Thank's, I'm a little clearer now, but the clearer I get the more I don't like it. I'd be getting as many friends, family members, internet contacts, or whoever to contact my local; state and congressman and senator via email or letter and submit your disapproval and request that this piece of law be repealed. I'd be one squeaky wheel, a good ole Boston Tea Party comes to mind as well! I myself am going to boycott concord grapes. I really liked my friends XD 40, fit my hand really well, Beretta PX4 Storm 40 compact is another good one, but I'm sure those two are not on the list as well. I'd move my ass out of that state so fast it wouldn't be funny.


----------



## keaneba (Sep 25, 2011)

@ Denner: Agreed about being squeaky! Tried to move a year ago, but the housing market had already dried up. Thanks for the advice. I really like what I've read about the XD as well, but seems like that's not an option.


----------



## denner (Jun 3, 2011)

keaneba said:


> @ Denner: Agreed about being squeaky! Tried to move a year ago, but the housing market had already dried up. Thanks for the advice. I really like what I've read about the XD as well, but seems like that's not an option.

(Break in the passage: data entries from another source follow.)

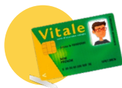
● Carte vitale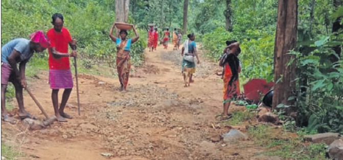
ଗ୍ରାମବାସୀ ରାସ୍ତା ଉପରେ ମାଟି ପକାଇ ଯାଚାଯାଚି ହୁଏ କହୁଛନ୍ତି।

ଲୁଗାପତ୍ଟା, ୪୧ (ଦାଶରଥ ପଣ୍ଡା) : କେ. ବଳାଙ୍ଗ ଥାନା ଅନ୍ତର୍ଗତ ଯୋଯୋ ଟୋଲା ଓ ନୁଆ ଟୋଲା ଗ୍ରାମର ରାସ୍ତା ଶୋଚନୀୟ ହୋଇଥିବାରୁ ଗ୍ରାମବାସୀ ମାଟି ପକାଇ ସମସ୍ତଙ୍କୁ କରି ଯାଚାଯଚା ହୁଏ। ଏହାକୁ ସମାଧାନ କରିବା ପାଇଁ ଗ୍ରାମକୁ ଆଜି ପର୍ଯ୍ୟନ୍ତ ରାସ୍ତା ଗଢ଼ାଯାଇ ନାହିଁ। ବର୍ଷା ଦିନେ ଗ୍ରାମବାସୀ ନାହିଁ ନ ଥିବା ଅନୁଭବ ହୋଇଛି। ଆଧୁନିକ ମଧ୍ୟ ଗାଁ ଅଭିବୃଦ୍ଧି ଯାଚାଯଚା ହେଉଛି। ଆଧୁନିକ ମଧ୍ୟ ଗାଁ ଅଭିବୃଦ୍ଧି ଯାଚାଯଚା ହେଉଛି। ଆଧୁନିକ ମଧ୍ୟ ଗାଁ ଅଭିବୃଦ୍ଧି ଯାଚାଯଚା ହେଉଛି। ଆଧୁନିକ ମଧ୍ୟ ଗାଁ ଅଭିବୃଦ୍ଧି ଯାଚାଯଚା ହେଉଛି।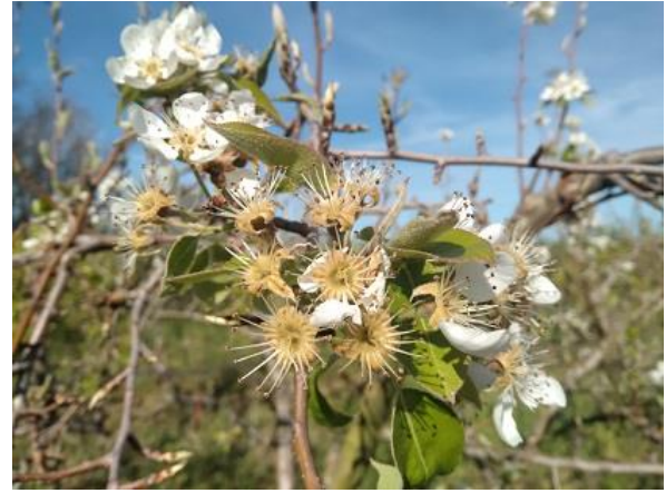
Pero: allegazione BBCH 71

Si ricorda che, durante il periodo della fioritura (periodo che va dalla schiusura dei fiori alla caduta dei petali), ai sensi della L.R. 33/12 e successiva modifica in materia apistica, sono vietati i trattamenti con prodotti fitosanitari ad azione insetticida ed acaricida. Si rimanda al testo della legge presente al seguente link . B.U. 23 febbraio 2023, n. 18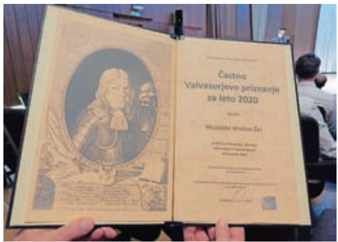
Častno Valvasorjevo priznanje Muzejskemu društvu Žiri za leto 2020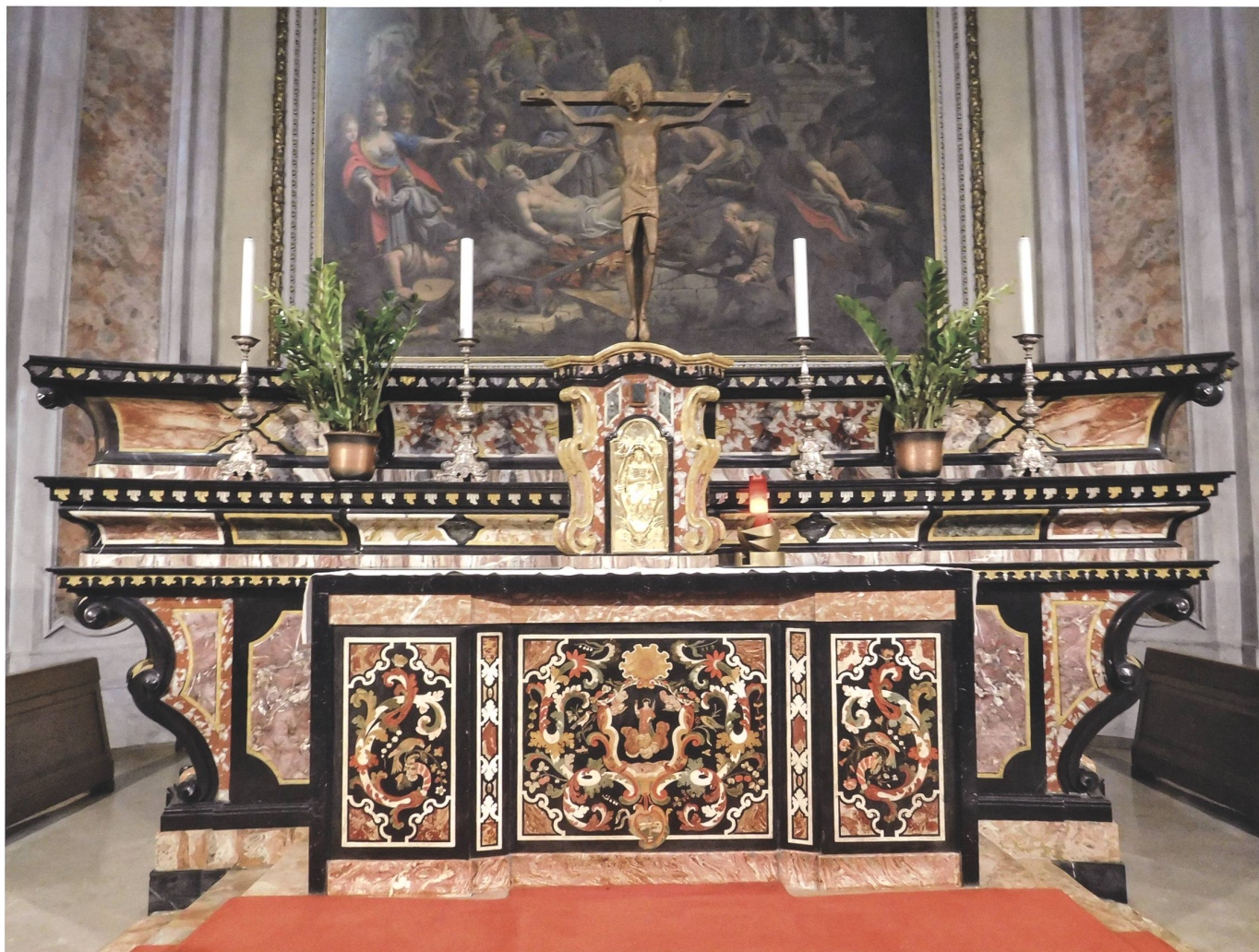
Fig.4 Ligornetto, chiesa di San Lorenzo, paliotto dell'altare maggiore. Il paliotto in scagliola si inserisce qui in un fastoso altare in marmo.

alla loro conservazione, in modo da promuovere azioni preventive per la tutela e non solo interventi a danno avvenuto. 4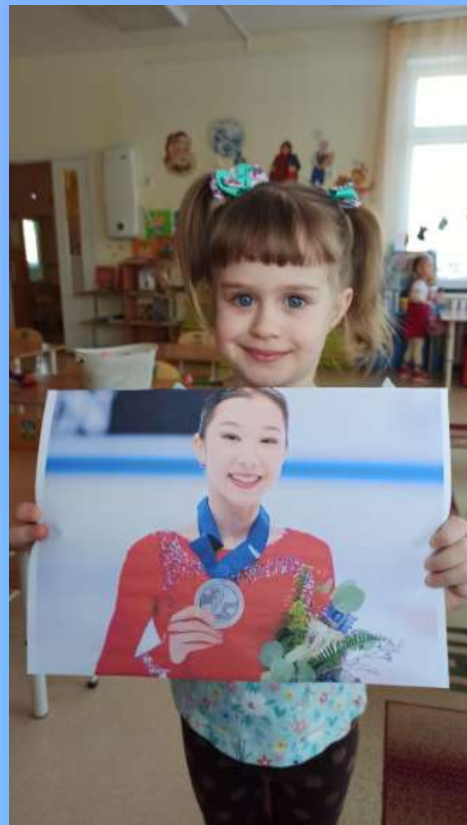
Элизабет Турсынбаева (фигуристка)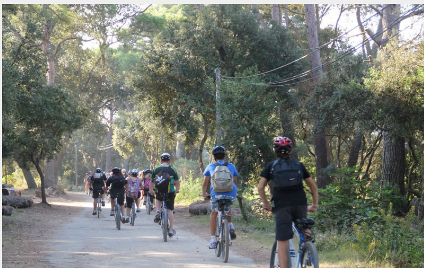
(En vélo sur l'île de Porquerolles)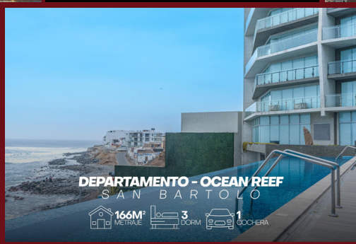
DEPARTAMENTO - OCEAN REEF SAN BARTOLO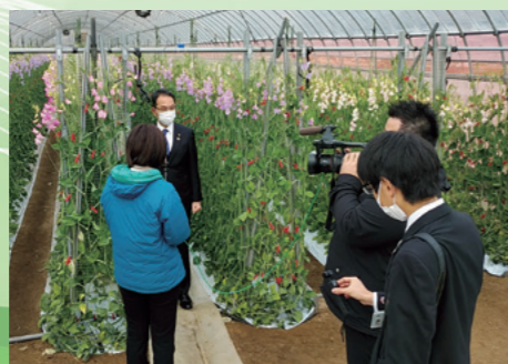
■RSK笑味ちゃん天気予報取材 [令和4年1月24日]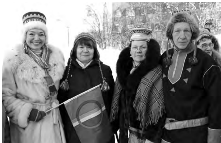
Крайне важно сохранять традиции и самобытность коренных народов

ного минкульта для НКО реализует проект «Творческий бизнес «Придумано в Арктике»». Организация проведёт исследование творческих товаров и услуг, создаваемых малым и средним бизнесом Мурманской области, по итогам которого будет создан региональный реестр субъектов креативных индустрий. Творческие предприниматели будут представлены на созданном интернет-портале.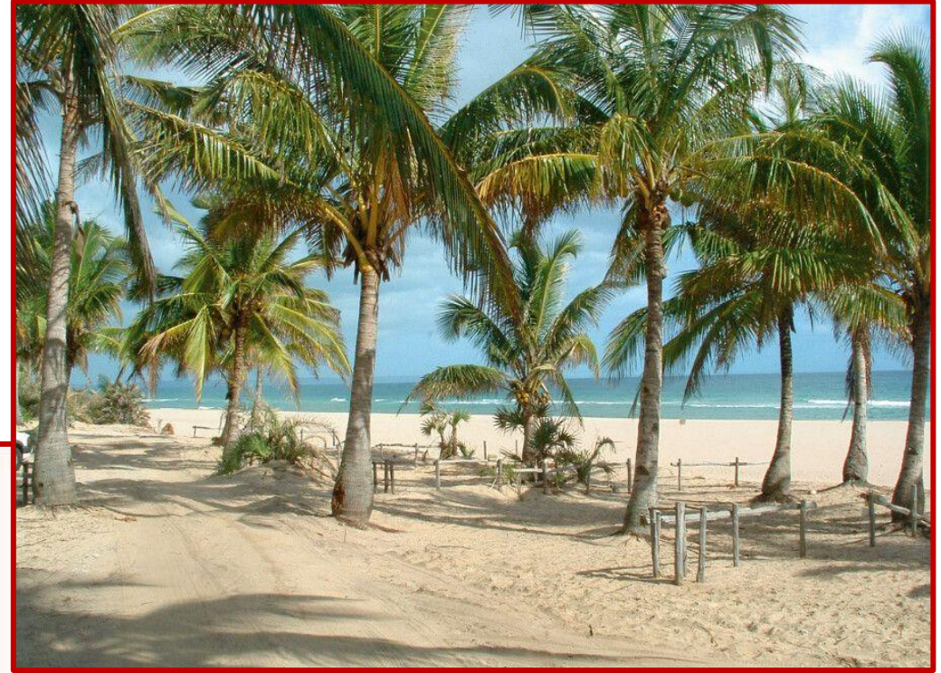
Plage de KAFOUTINE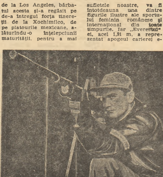
Iosif Sirbu — primul nostru campion olimpic (Helsinki, 1952)

Vom începe cu... perfecțiunea. Cu sportiva care se poate mîndri că a atins perfecțiunea, ținîndu-ne și ținînd lumea întreagă în nopțile Montrealului, ca și după Olimpiada din Canada, cu respirația tăiată, cînd triumfa în lupta cu adversarele, cu propriile limite și cu... computerul. Nadia Comăneci, tînăra crescută, educată și pornită pe drumul muncii îndrăzite, dăruite, totale — singurul care poate duce la izbînda adevărată, trainică — în anii cel mai luminoși ai libertății noastre, înseamnă mai mult decît un mare sportiv, înseamnă un simbol. Iar dovada cea mai de preț a unanimei aprecieri a constituit-o acordarea înaltului titlu de Erou al Muncii Socialiste. „Clipele în care cel mai iubit fiu al poporului, tovarășul NICOLAE CEAUȘESCU, mi-a înmînat înaltele însemne, îmbrățișîndu-mă cu aleasă căldură părintească, mi-au rămas pentru totdeauna întipărite în memorie. Cuvintele sale de apreciere au reprezentat pentru mine, pentru gimnastica noastră, cea mai frumoasă răsplătă”. Sînt spusele celui dintîi Erou al Muncii Socialiste în sport, ale celui mai mare gimnast din cîte au fost și sînt.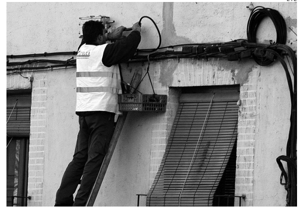
Las empresas lo siguen pasando mal.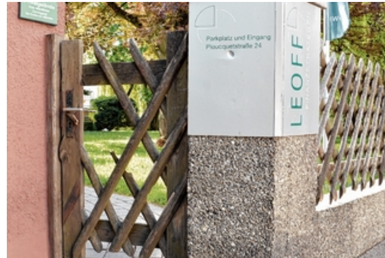
Heidenheim Problem-Viertel: Jetzt wird woanders randaliert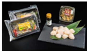
1コース 三段座 旨味たっぷりホタテとカキのセット ※冷凍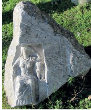
Res. 7: Anadolu'dan Kybele'ye Adanmış Kireçtaşı Adak Steli (Çibuk 2017)

Buluntu yeri bilinmeyen bir diğer örnek, MS 1.-2. yüzyıla tarihlendirilmiş mermere yakın kireçtaşıdan yapılmış adak yazıtıdır (Res. 7). Bir tapınağın içerisinde tahtında oturan tanrıça, önceki örneğe benzer şekilde sağ elinde patera tutmaktadır. Tanrıça, sol tarafında yer alan platform üzerinde ve cepheden ayakta betimlenmiş bir aslanın başına dirsekten kıldığı sol koluyla dayanmakta ve sol elini de kendi başına yaslamaktadır. 44 Ayrıca Nikomedia (Kocaeli ili, Körfez ilçesi, Himmetli köyü)'da bulunmuş yine MS 1.-2. yüzyıla tarihlendirilmiş kireçtaşıdan yazıtlı bir heykel parçasında tanrıçanın sol kolu tahrip olmasına rağmen bu örnekte de büyük olasılıkla Kybele'nin aynı tipi betimlenmiştir. Zira tanrıça, kendi göğsü hizasında ve cepheden ayakta gösterilmiş bir aslana sol kolunu yaslamış ve sağ elinde de patera tutmaktadır. 45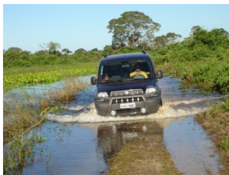
Figura 1. Parte da Estrada-parque do Pantanal inundada em épocas de cheia

A estrada compreende as rodovias estaduais MS-184 e MS-228, sendo considerada uma unidade de conservação pelo governo de Mato Grosso do Sul em 1993. O traçado remonta às rotas originais das grandes boiadas e caminhos naturais do Pantanal. Foi traçada originalmente por Marechal Cândido Rondon ao trazer a rede de telégrafos para a região. Sua construção só foi possível com aterros que variam de um a três metros que procuram garantir o deslocamento em qualquer época do ano; porém essa condição é comprometida nas cheias mais intensas (Estrada Parque Pantanal, 2010). Mas a própria cheia acaba por se tornar também uma forma de atração, segundo muitas imagens de divulgação turística (Figura 1).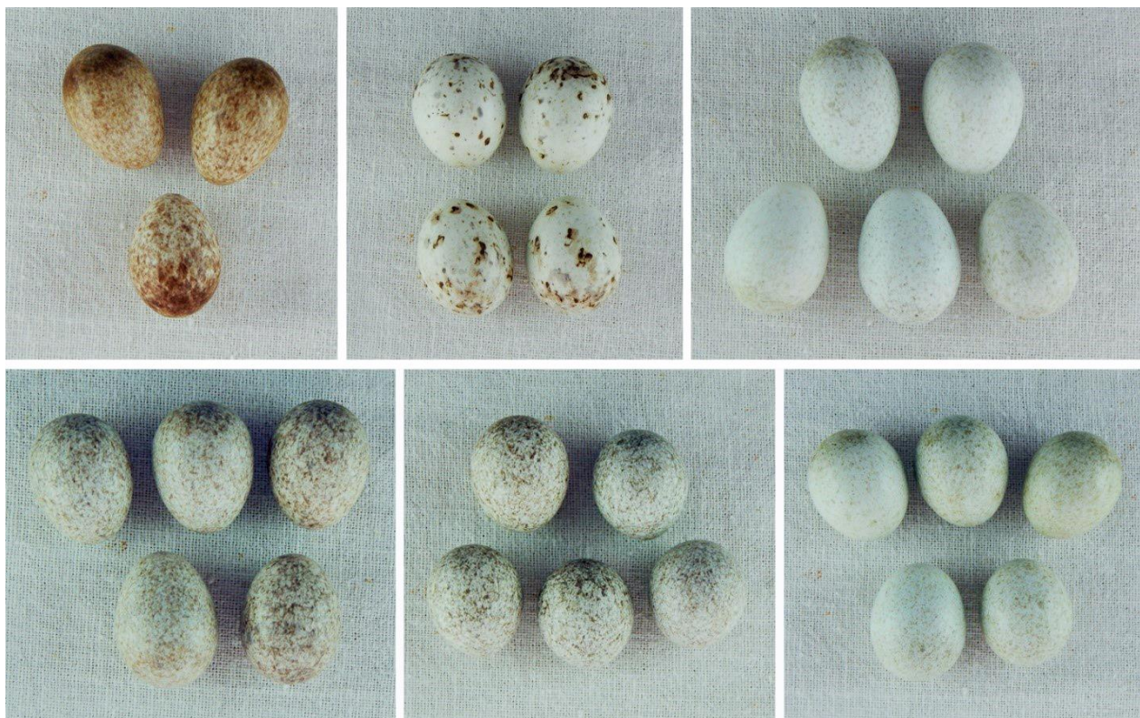
Рис. 12. Варианты окраски яиц ошейниковых овсянок Emberiza fucata в Приморском крае. Студийная съёмка кладок из оологической коллекции В.Н.Сотникова (город Киров)

оливково-коричневый, рыжевато-коричневый, либо бурый. Пятна поверхностные и глубинные, распределены равномерно по поверхности или сгущаются на тупом конце, где образуют венчик. Линии поверхностные, равномерно распределённые. Плотность пятен от редкой до густой, а линий – редкая. Нередко одно яйцо в кладке имеет более тёмный фон, чем остальные и меньшее количество отметин, или цвет яйца светлее и вокруг широкого конца образуется кольцо из пятен. Для наглядности приводим коллажи, составленные из фотографий разных кладок ошейниковой овсянки из Приморского края, выполненных в условиях природы (рис. 11) и в коллекции (рис. 12).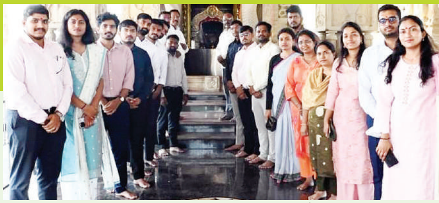
నాగోబాను దర్శించుకున్న శిక్షణ డిప్యూటీ కలెక్టర్ల బృందం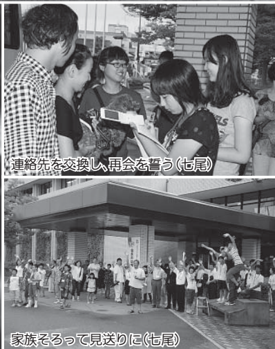
連絡先を交換し、再会を誓う(七尾)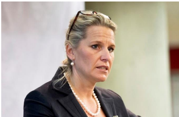
Präsidentin Martina Bandte

Bildunterschrift: „Planwirtschaftliche Auflagen und sinnentleerte Regulierung führen zu Firmensterben und Abwanderung. Nur mit schonungsloser Entbürokratisierung, Deregulierung und der Senkung von Steuern und Abgaben werden wir international wieder wettbewerbsfähig. Wir unterstützen den Wirtschaftswarntag, damit Unternehmer weiterhin in Eigenverantwortung im weltweiten Wettbewerb bestehen können.“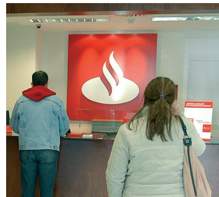
Las quejas contra los bancos aumentan.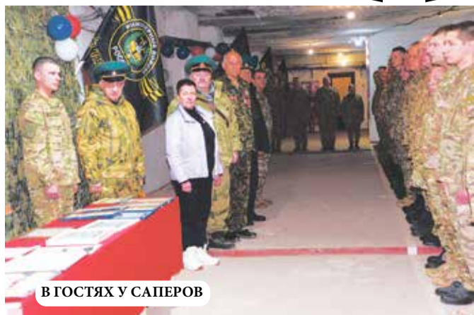
В ГОСТЯХ У САПЕРОВ

26 декабря прошлого года и 21 января нынешнего года нам удалось каждый раз побывать сразу в двух регионах Донбасса - Донецкой и Луганской Народных Республиках.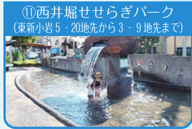
⑪西井堀せせらぎパーク (東新小岩5-20地先から3-9地先まで)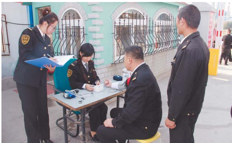
工作人员正给驾驶员进行上岗前体检。

据悉，为关爱公交车驾驶员的身体健康，防止行车途中因身体原因发生意外事故，交运温馨巴士专门建立了驾驶员健康档案，并配备了电子血压计、血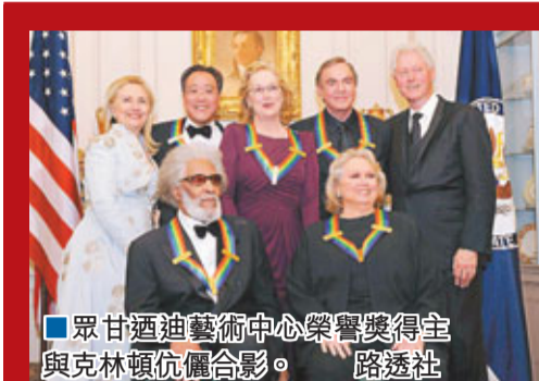
甘迺迪藝術中心榮譽獎得主與克林頓伉儷合影。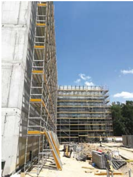
50. Budowa nowej siedziby Archiwum Narodowego w Krakowie. Segment magazynowy (na pierwszym planie) i segment biurowy (drugi plan) – widok od południa, stan z czerwca 2019 r.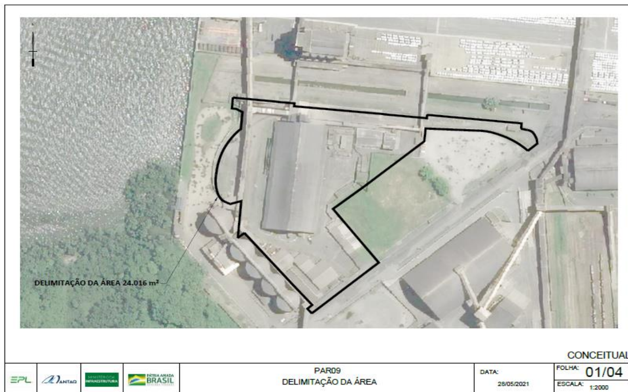
Figura 7: Localização área de arrendamento PAR09 no Porto de Paranaguá.

A figura a seguir apresenta imagem aérea da área de arrendamento PAR09 .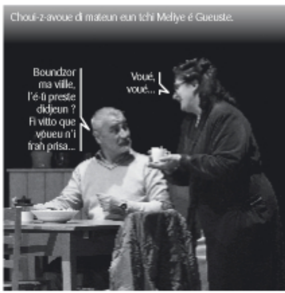
Chou-z-aveu di mateun eun tchi Meliye é Gueuste.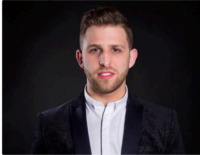
Lecture - Festival "Bizarre"

Exposition, lectures et concert pour l'ouverture

Yes, easier said than done about moving. Good wishes trying to find something on the list. I believe it to be unconstitutional myself, a very unreasonable restriction, just so sad to see this in the U.S. supposedly the land of the free.


----------



## keaneba (Sep 25, 2011)

I agree that the current law may be unconstitutional, and that's why I hope one of the upcoming cases to the Supreme Court may have some impact here, but we'll see. All we can do is try to get the current batch of bozos in the unemployment line themselves, and hope the new batch don't turn out to be just as bad. I really do think that things will get better in this country, though. Folks seem to be waking up to the creeping liberalism that's been occurring, and there seems to be some backlash now. Thanks for all the advice! Now to just pick which one. Should be easy, as the available list is so short. LOL


----------